Chemistry: molecular biology and microbiology – Process of utilizing an enzyme or micro-organism to destroy... – Resolution of optical isomers or purification of organic...
Patent
1996-02-15
1998-05-19
Marx, Irene
Chemistry: molecular biology and microbiology
Process of utilizing an enzyme or micro-organism to destroy...

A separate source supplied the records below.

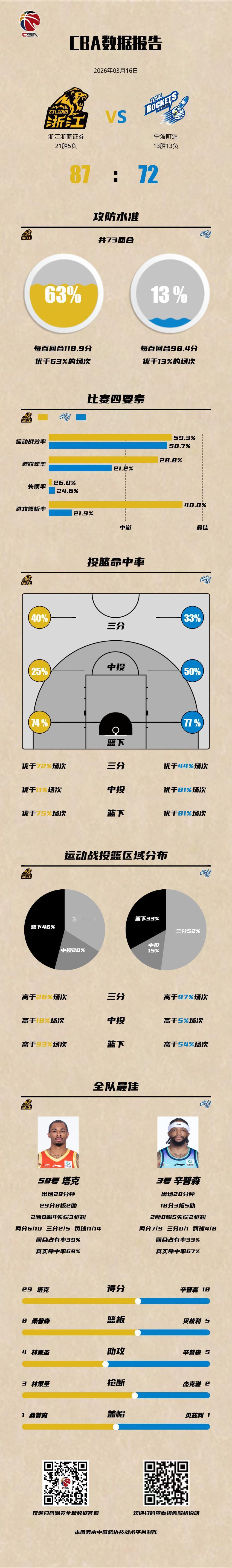 浙江浙商证券 87-72 宁波町渥 广厦男篮vs宁波男篮 浙江浙商证券:塔克29分8篮板2抢断,胡金秋16分3篮板,桑普森14分8篮板2抢断; 宁波町渥:辛普森18分3篮板5助攻2抢断,戴昊11分3助攻,李安11分。以城之名
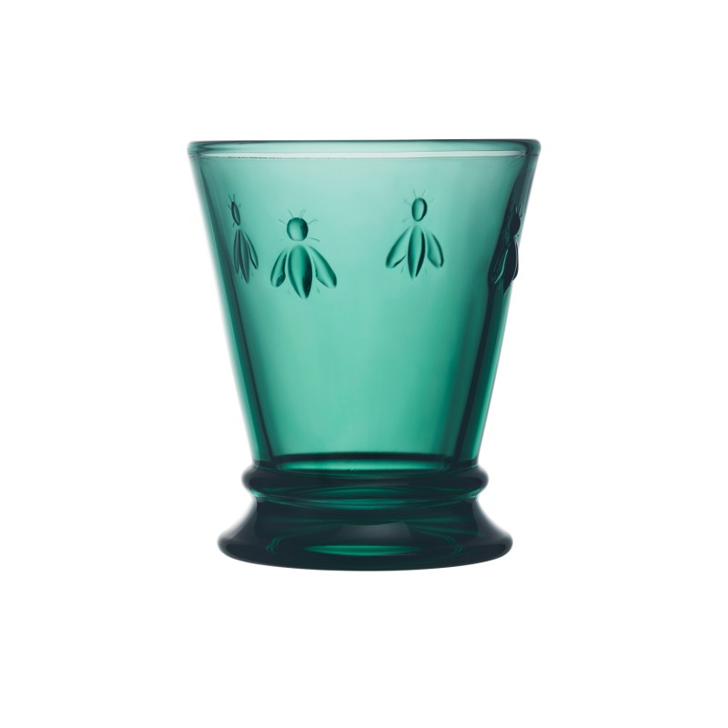 Emerald green tumbler made of pressed glass, mass-coloured and decorated with four bees. This collection features the symbols of napoleon's leather goods.
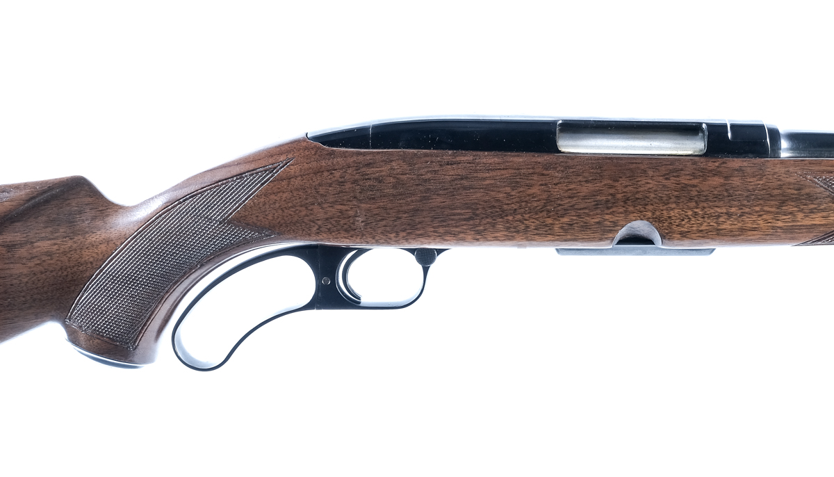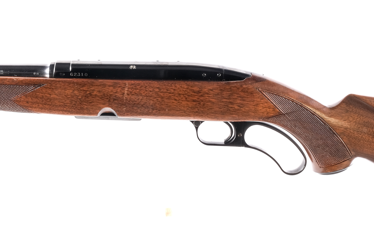 Description Winchester Model 88 in .243 Winchester with one, four round removable magazine and a 22″ barrel. Checkered composite butt plate. Checkered wood stock and front foregrip. Blued hand lever, serrated trigger, receiver and barrel. Front trigger guard located push button safety. Magwell serrated magazine release. Rear flip up adjustable and front hooded fixed blade sight. Metal loops for mounting a shoulder sling. Top of receiver is drilled and tapped for optics. Must ship to a C&R or FFL holder. Condition: Good/Very Good with light scuffs, wood dings and handling wear. Clean rifled bore. Barrel Length: 22″ Serial: 62310 Manufacturer: Winchester Year: 1958 Caliber: .243 Win Model: 88 Book# 10-617
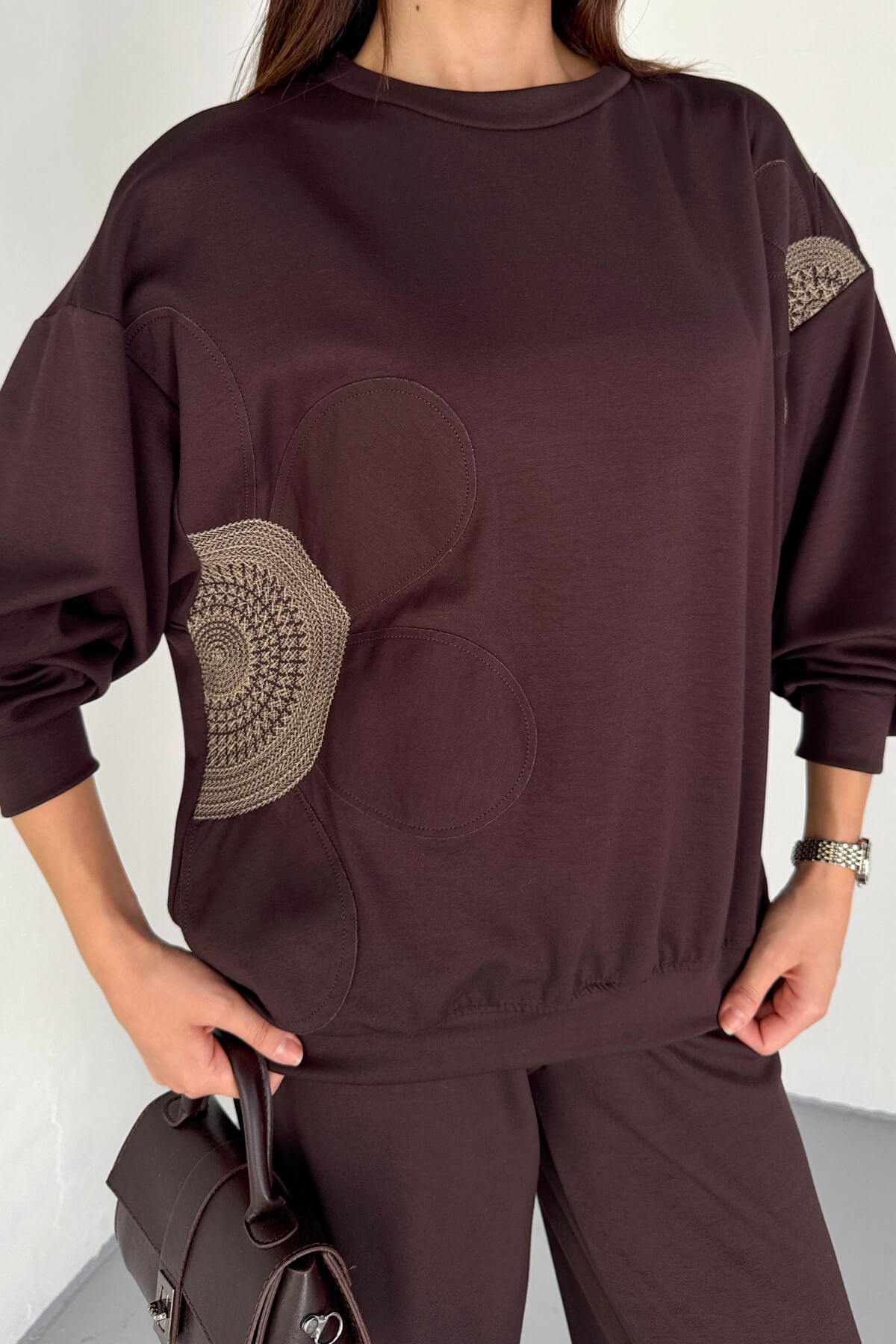 Çiçek nakış detayı ile modern ve feminen bir stil.
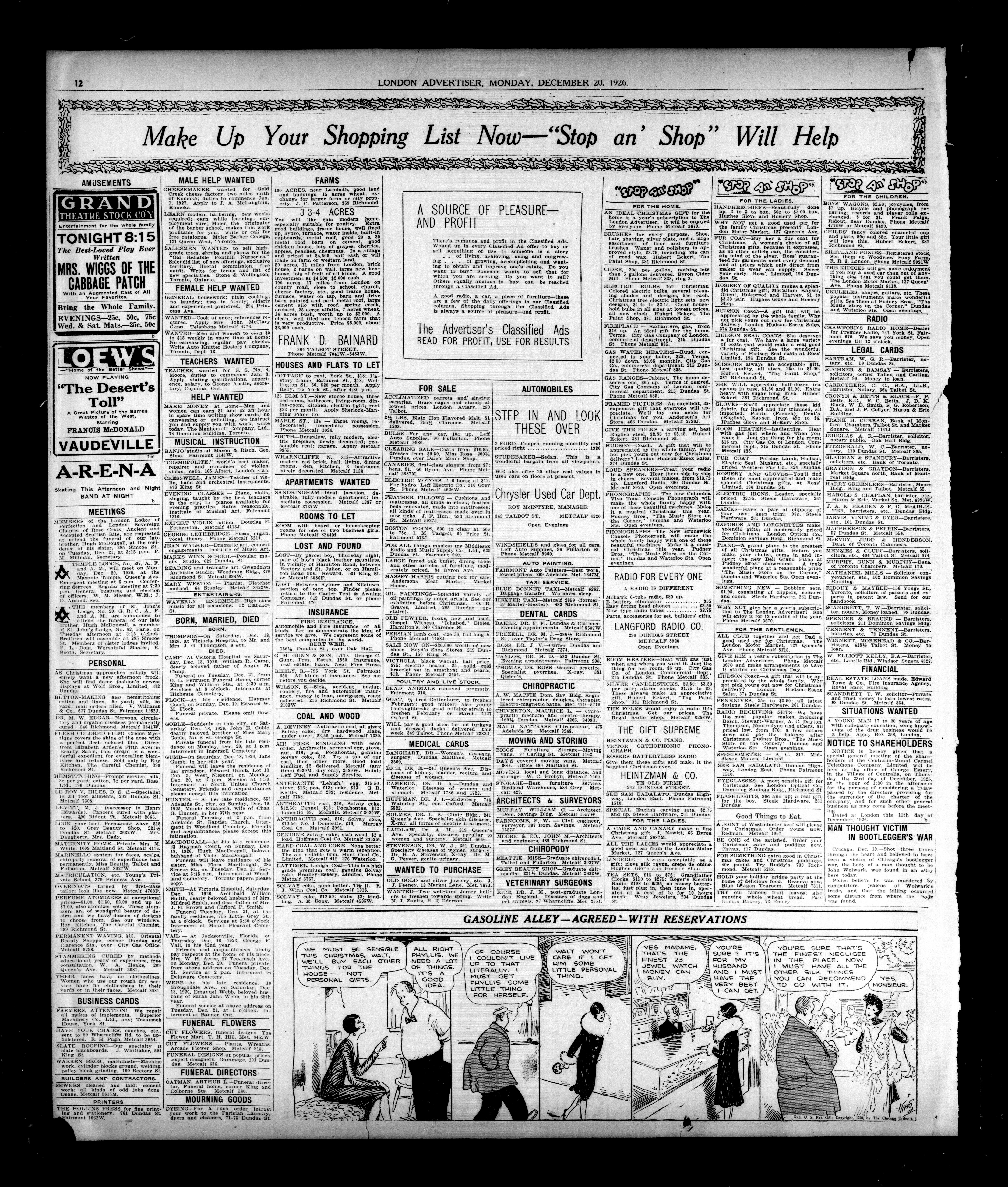 Aide London, Ontario : London Advertiser Company, Limited, [1926]; 14 images, 0 avec recherche en texte intégral

Resolution of optical isomers or purification of organic...
435141, 435198, C12P 752
Patent
active
057534950
DESCRIPTION:
BRIEF SUMMARY
The present invention relates to a novel process for preparing (L)-2-chloropropionic acid and its alkali metal, alkaline earth metal or ammonium salts.
JP 57 094 295, JP 62 205 797, EP-A 196 625, JP 61 111 699 and Appl. Biochem. Biotechnol. 9(3) (1984) 255 disclose the enantio-selective enzymatic cleavage of racemic 2-chloropropionic esters. However, the disadvantage in this case is, besides the maximum possible yield of only 50%, the insufficient enantiomeric purity of the 2-chloropropionates formed.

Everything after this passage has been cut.